Need some input/advice from the group regarding powder coating AR's. I have four or five guns that need to be refinished and see powder coating mentioned from time-to-time but I just have no experience with this process. (Fortunately there's a local guy here in Oklahoma City that I trust to properly apply the process but I just don't know enough to know if this is the way to go.)

How does the powder coating look ?? Is it shiny or can it be applied so the finish is dull ?? Any idea on endurance ??

If NOT powder coating any thoughts on a better finish ??


Edited to add: I do faithfully check when I post asking for advice. Like most of you, I've answered hundreds where you never know if the responses are even being read.

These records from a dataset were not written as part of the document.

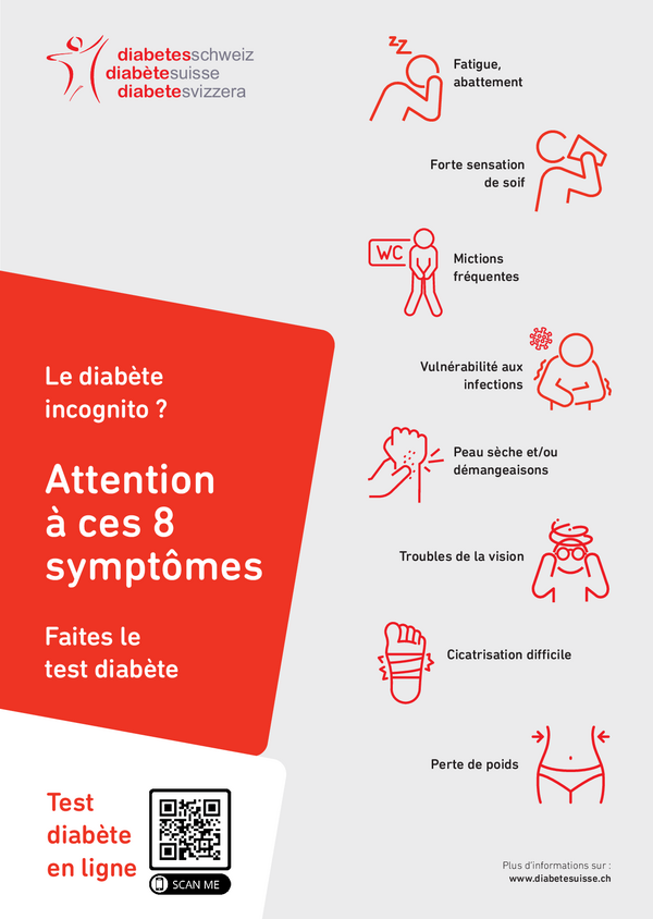 Pour la Journée mondiale du diabète du 14 novembre, diverses activités d’information seront organisées sur les facteurs de risque et les symptômes du diabète de type 2. Au stade précoce, les symptômes ne sont pas ou peu perceptibles et sont sans lien évident avec le diabète.
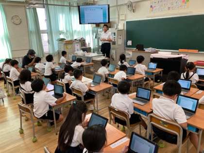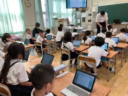1年生の教室で。今年度の「学校アンケート」をパソコンでしています。学校生活についてどう感じているか、いろんな質問で把握します。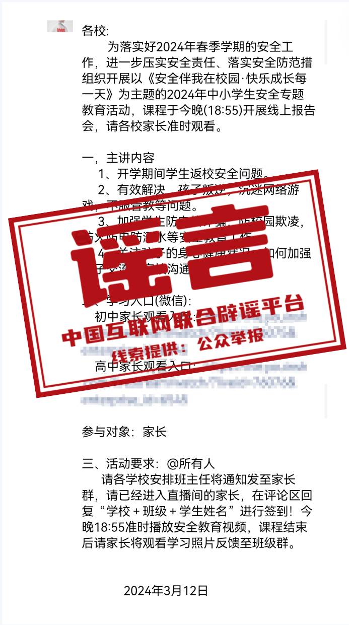 真相:近日,廣西北海40多所中小學(xué)接到自稱“當(dāng)?shù)叵狸?duì)參謀”的電話,要求校方組織全校學(xué)生在互聯(lián)網(wǎng)上觀看所謂的“中小學(xué)生消防安全專題直播”。經(jīng)當(dāng)?shù)叵啦块T(mén)和教育部門(mén)聯(lián)合調(diào)查,該網(wǎng)絡(luò)直播活動(dòng)為虛假活動(dòng)。直播內(nèi)容與消防安全毫無(wú)關(guān)系,主播通過(guò)話術(shù)向家長(zhǎng)販賣(mài)“升學(xué)、考學(xué)焦慮”,從而達(dá)到推銷(xiāo)網(wǎng)絡(luò)課程的目的。當(dāng)?shù)毓膊块T(mén)表示,該行為已涉嫌冒充國(guó)家機(jī)關(guān)工作人員招搖撞騙,將嚴(yán)肅追究涉案人員刑事責(zé)任。(來(lái)源:“中國(guó)消防”微信公眾號(hào))
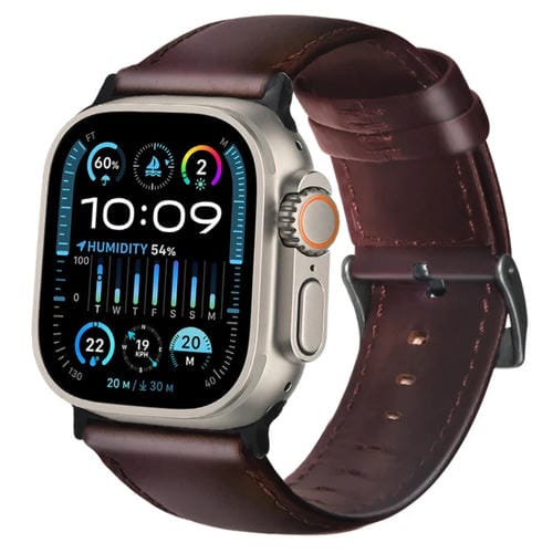 Correa de Reloj para Apple Watch Ultra 49mm Cuero Genuino con Cera de Aceite (Rojo Marrón)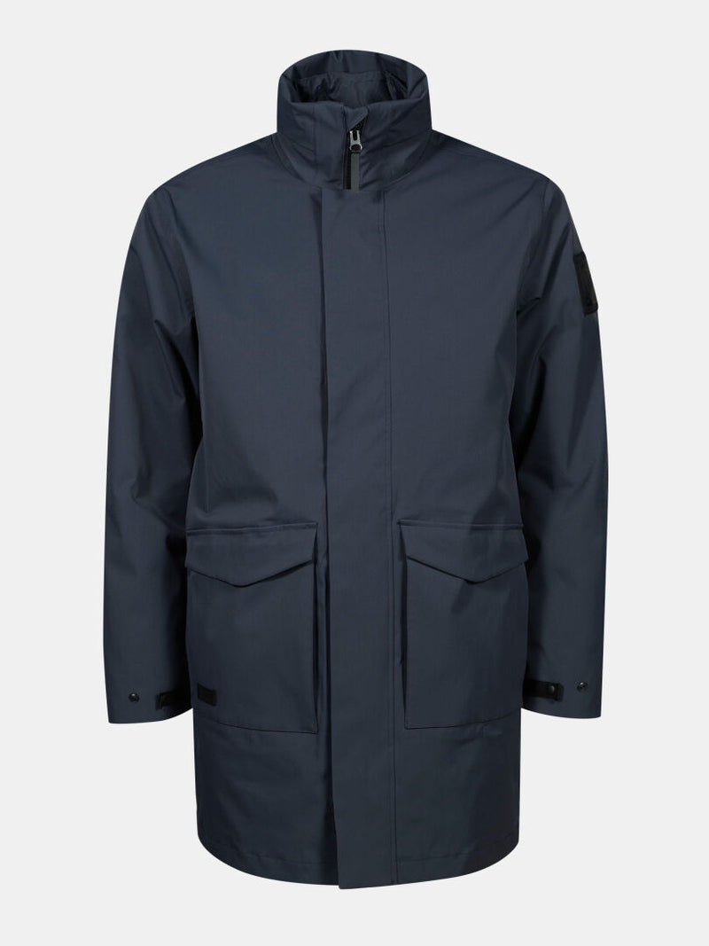 Halti Synkas II 3in1 DX Parka Miesten: tummansininen parka, jossa on korkea kaulus, suuret taskut ja vedenpitävä vetoketju.

Link Posted: 6/7/2003 11:18:32 AM EDT
[Last Edit: 6/7/2003 11:19:42 AM EDT by uglygun]
Teflon/Moly or Brownells Alumahyde II would provide a better finish in my opinion. If you've ever seen a DPMS Arctic Panther I think your impression would be less than stellar. The biggest thing with the powder coated DPMS Arctic ARs was that the entire upper/lower was dipped before baking. It had that powder coating on the insides of the upper/lower which has got to do wonky things to the tolerances between moving parts. What's more, the powder coating appears to be a bit of a more shiney or glossy finish, have yet to see a dull/matte finish. I've refinished 3-4 guns using either the Brownells Alumahyde II or the Teflon/Moly coatings. When I was using the black Alumahyde II the finish or appearance was not far off from what you'd expect to see with a anodized black upper, very close finish approximation. Using OD Green and Earth Brown teflon/moly the finish comes out with a little more sheen than the Alumahyde II but no where near the gloss of powder coating. My guns with Alumahyde II and Teflon/Moly were done about 4-5 years ago, the finish is still going strong. With the Teflon/Moly or Alumahyde II, if I did get some spray into the interior it's unlikely I would be too concerned with tolerances getting thrown off because the thickness of finish is much smaller than that of powdercoat.
Link Posted: 6/7/2003 11:30:50 AM EDT
Properly applied powder coating does not involve dipping anything. Think of hanging your rifle on a wire. This wire is connected to an electrical source with a positive charge. Then, a paint sprayer is used to spray the powder onto the item being coated. This sprayer is connected to the negative terminal of the electrical source. This causes a static attraction for the powder to "stick" to the item being coated. Then, the coated object is baked. Upon baking, the powder melts and bonds with the coated item. Powder coating tends to be shiny due to how it is cured/baked. However, it is an extremely tough finish that is much stronger than other applied finishes. This is why it is so popular for motorcycle frames and wheels. The problem with the DPMS is that the parts are conveyor fed through a spray booth. The powder tends to fogand get into everywhere. If you were to have something custom coated, it would be done on an individual basis with a hand sprayer and areas that you don't want coated would be masked off. This will prevent overspray and potential clearance problems. It is up to you, but I would not be afraid to have one powder coated.
Link Posted: 6/7/2003 11:32:09 AM EDT
Why not refinish with the factory anodized/parked finish?
Link Posted: 6/7/2003 12:13:17 PM EDT
Originally Posted By PsyWarrior: Properly applied powder coating does not involve dipping anything. Think of hanging your rifle on a wire. This wire is connected to an electrical source with a positive charge. Then, a paint sprayer is used to spray the powder onto the item being coated. This sprayer is connected to the negative terminal of the electrical source. This causes a static attraction for the powder to "stick" to the item being coated. Then, the coated object is baked. Upon baking, the powder melts and bonds with the coated item. Powder coating tends to be shiny due to how it is cured/baked. However, it is an extremely tough finish that is much stronger than other applied finishes. This is why it is so popular for motorcycle frames and wheels. The problem with the DPMS is that the parts are conveyor fed through a spray booth. The powder tends to fogand get into everywhere. If you were to have something custom coated, it would be done on an individual basis with a hand sprayer and areas that you don't want coated would be masked off. This will prevent overspray and potential clearance problems. It is up to you, but I would not be afraid to have one powder coated.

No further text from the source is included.